Experiment 1: Influence of gazing at versus away when task-irrelevant

Methods

The basic task in Experiment 1 was to detect the presence of target eyes in search displays, on the basis that they gazed in the opposite direction to the other eyes. Our manipulation of interest, whether the target eyes gazed toward the prominent object (hereafter, ‘Congruent Gaze’) or away (‘Incongruent Gaze’), was irrelevant for the observer. One concern with this design was that observers might opt to use a ‘singleton detection mode’ (e.g., Bacon & Egeth, 1994), attempting to detect physical discontinuities in the display rather than processing gaze. Accordingly, prior to 75% of search displays, a cue signalled to the observer which gaze direction (left or right) the target would have, to encourage them to search on the basis of gaze. The remaining 25% of trials comprised no cue. The Cued trials were designed to be more frequent to maximise the likelihood that observers would use the cue when it arose.

Observers and sample size

For Experiment 1, we estimated that 24 observers should suffice to detect medium-large effects (Cohen’s f = 0.33/Cohen’s d= 0.65) of interest in a repeated-measures ANOVA with one group and two measurements (G*Power 3.0 software; Faul, Erdfelder, Lang, & Buchner, 2007). Twenty-four university students (m = 18, f = 6, ages 18–35 years) were recruited from posters and an online volunteer recruitment system and paid £7 for participating. The study was approved by the University of Cambridge Psychology Research Ethics Committee.

Apparatus and stimuli

Observers sat 70 cm from a 24-in. Dell monitor (model number SE2416H, screen resolution 1,920 × 1,080), and made responses using a standard USB keyboard. Stimuli were presented using E-Prime 2.0 software (Psychology Software Tools Inc., 2013). Search displays were arrays of oval-cropped, forward-facing faces looking either to the left or to the right of the observer. To create the images, eyes from left-/right-gazing images were pasted onto the same closed-eyes image, so that only the eyes differed between the two (Fig. 1b). A Statue of Liberty image (hereafter ‘SoL’, downloaded from an open-source image database) was converted to grayscale and formed the prominent object toward which, or away from which, eyes might gaze in a display.

Fig. 1
figure 1

a Schematised sequence of displays in a typical Cued Trial from Experiment 1 (Set Size 7, Congruent Gaze Target), b left- and right-averted gaze faces from search displays, c three different arrangements used in Set Size 3 displays (black circles indicate positions of face stimuli, white circles positions left blank, with no face)

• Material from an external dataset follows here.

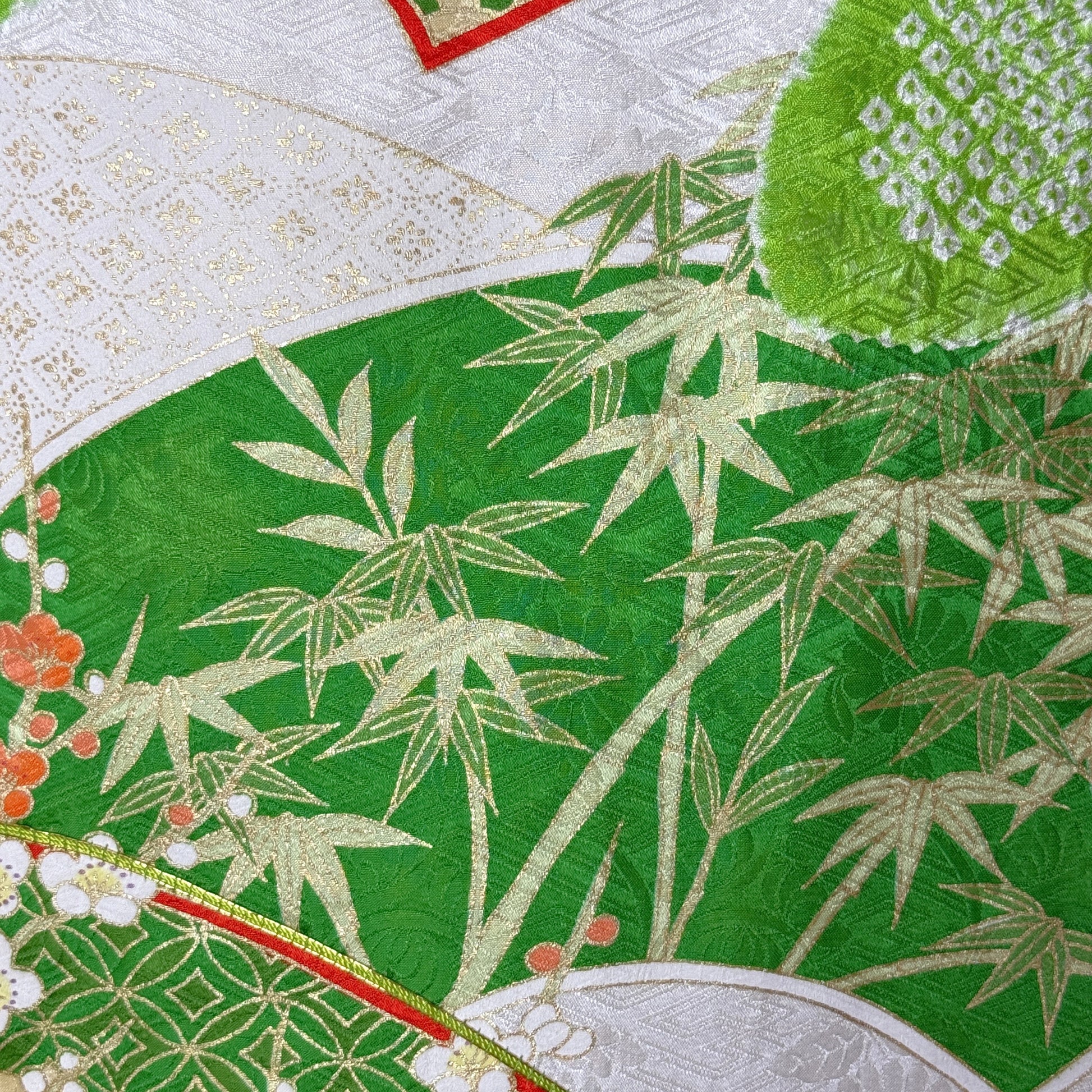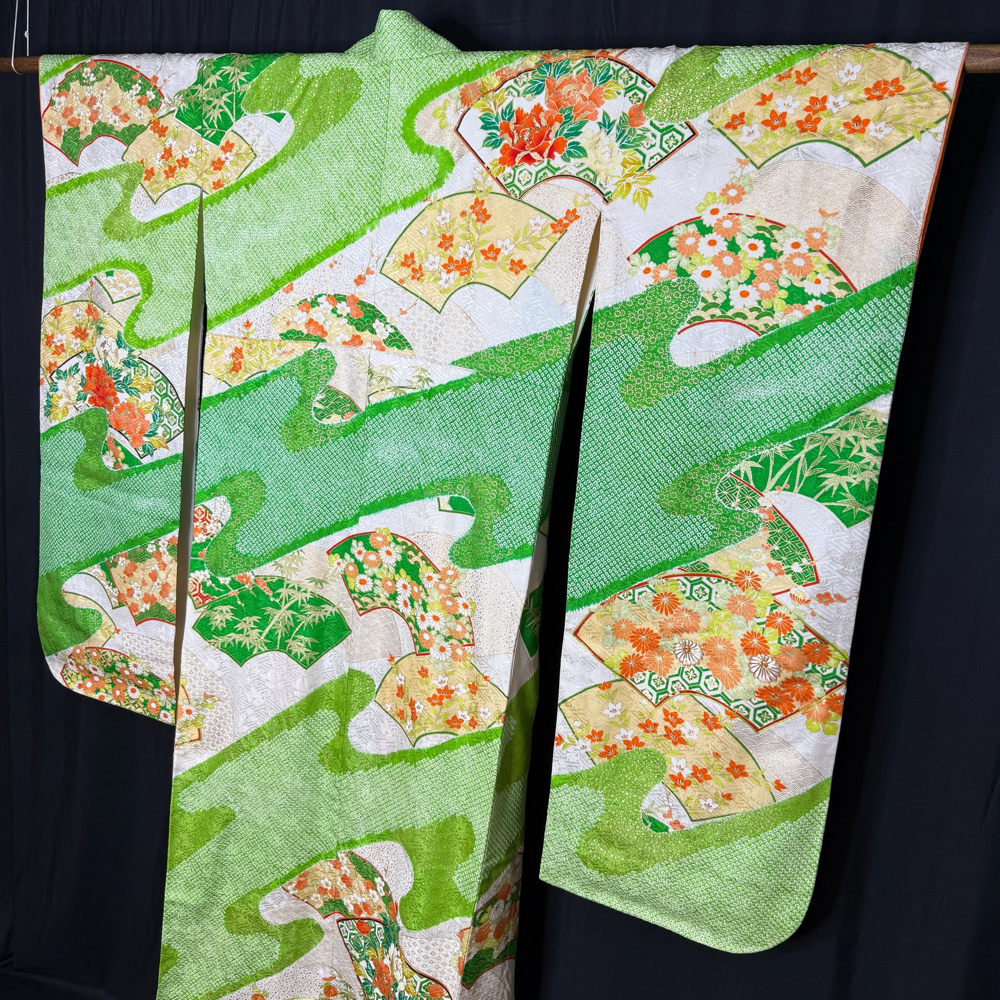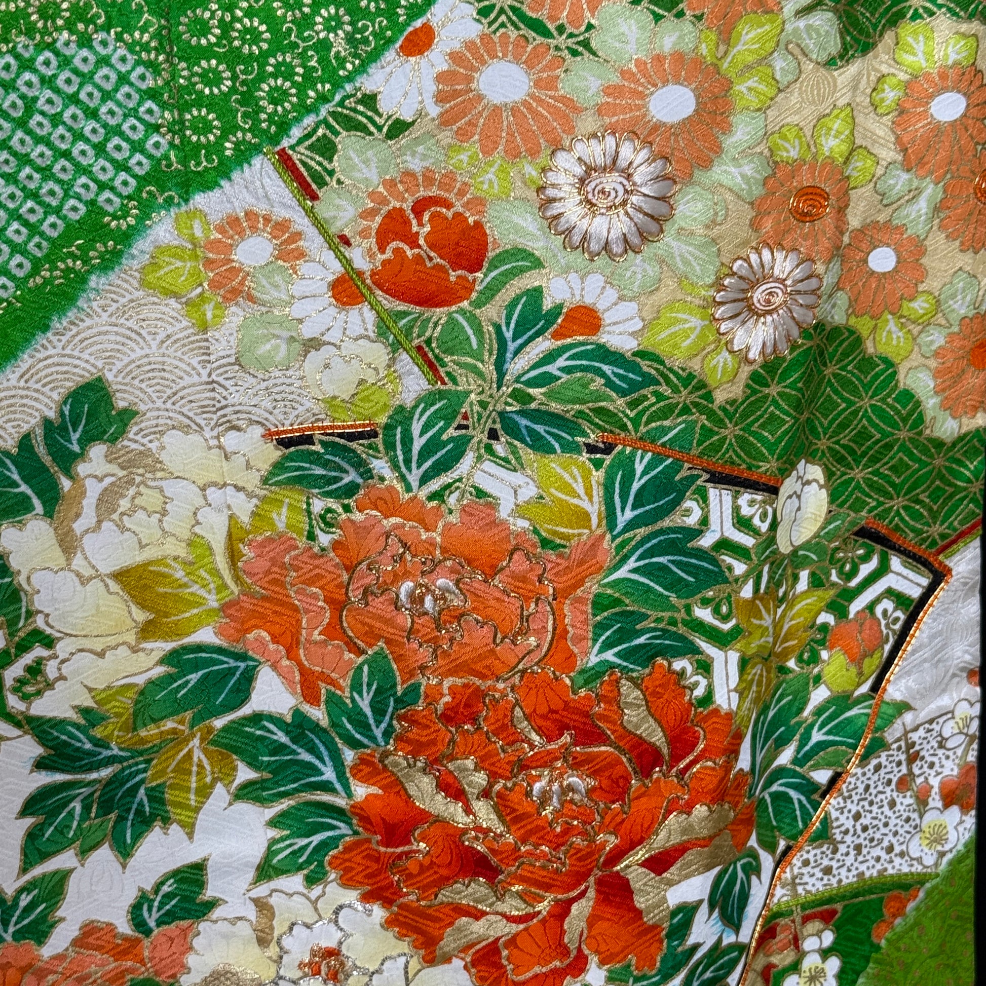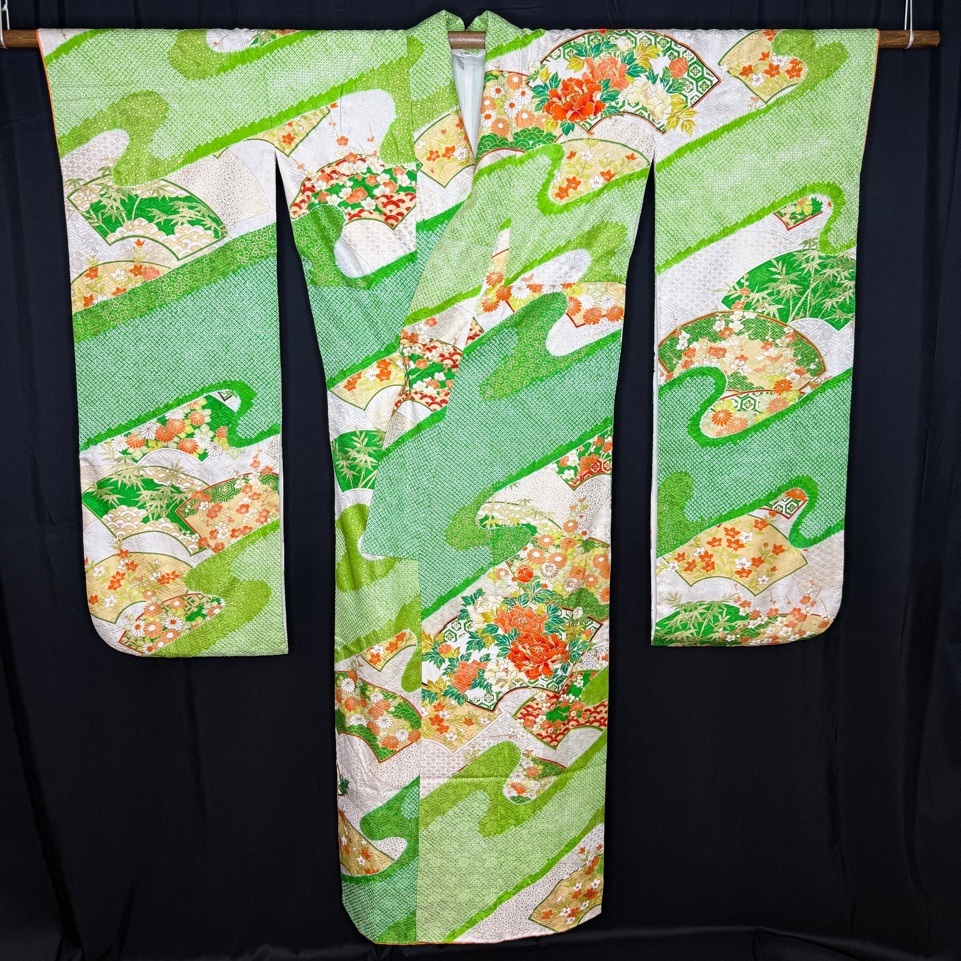 This kimono is a gorgeous range of greens - energetic, freshness, and youth! Wide bands of shibori-filled clouds seem to flow diagonally across the field, with flower-filled fan (sensu) shapes floating on and around those clouds. So many auspicious motifs collaged together: bamboo, peonies, seigaiha, komon crests, and more.

Each individual face (279 × 370 pixels) subtended a visual angle of approximately 6° × 8° retinal angle. Faces were arranged in seven fixed positions spaced evenly on an imaginary circle (of 258-mm diameter) centred on fixation. In Set Size 7 displays, there was one face at each position. Set Size 3 displays were equally and unpredictably assigned to three configurations to prevent clustering in any one region of the display (see Fig. 2d and legend). Within each Set Size 3 configuration, and at Set Size 7, the target appeared equiprobably and unpredictably at any of the item locations. The Cue, on Cued Trials (see leftmost panel, Fig. 1a), was an enlarged snapshot of the eye region from the left or right gazing faces (105 × 96 pixels), subtending an angle of approximately 2° square. An SoL image (329 × 839 pixels), subtending a visual angle of approximately 7° × 18°, was placed either to the left or to the right of each search display (Fig. 1a, second and third panels).

Procedure

Figure 1a schematises a typical display sequence in trials from Experiment 1. Each trial presented a fixation cross (1,500 ms), then a ‘placeholder’ display of three or seven faces with eyes closed (250 ms) followed by a search display of the same faces with eyes opened, lending a naturalistic impression of eyes opening. The presence of placeholder stimuli served to minimise distracting effects of non-eye facial features by cueing observers to the eye regions of the faces. At the same time that the placeholder stimuli appeared, the SoL image also appeared on screen, either to the right or left of the faces. A tall object was chosen such that faces at any position on the screen might conceivably be looking at the object. Observers were instructed to find the odd-one-out, unique target gaze in the display (present, unpredictably, on half of trials) when the eyes opened and make one of two keyboard responses as quickly as possible to indicate whether a target was present or not. Within each block, every combination of Set Size (Three, Seven), Target Presence (Present, Absent), and Target Gaze (Congruent, Incongruent) were equally represented, 75% of trials comprising a cue. Targets were either left-gazing eyes among right-gazing distracters or vice versa.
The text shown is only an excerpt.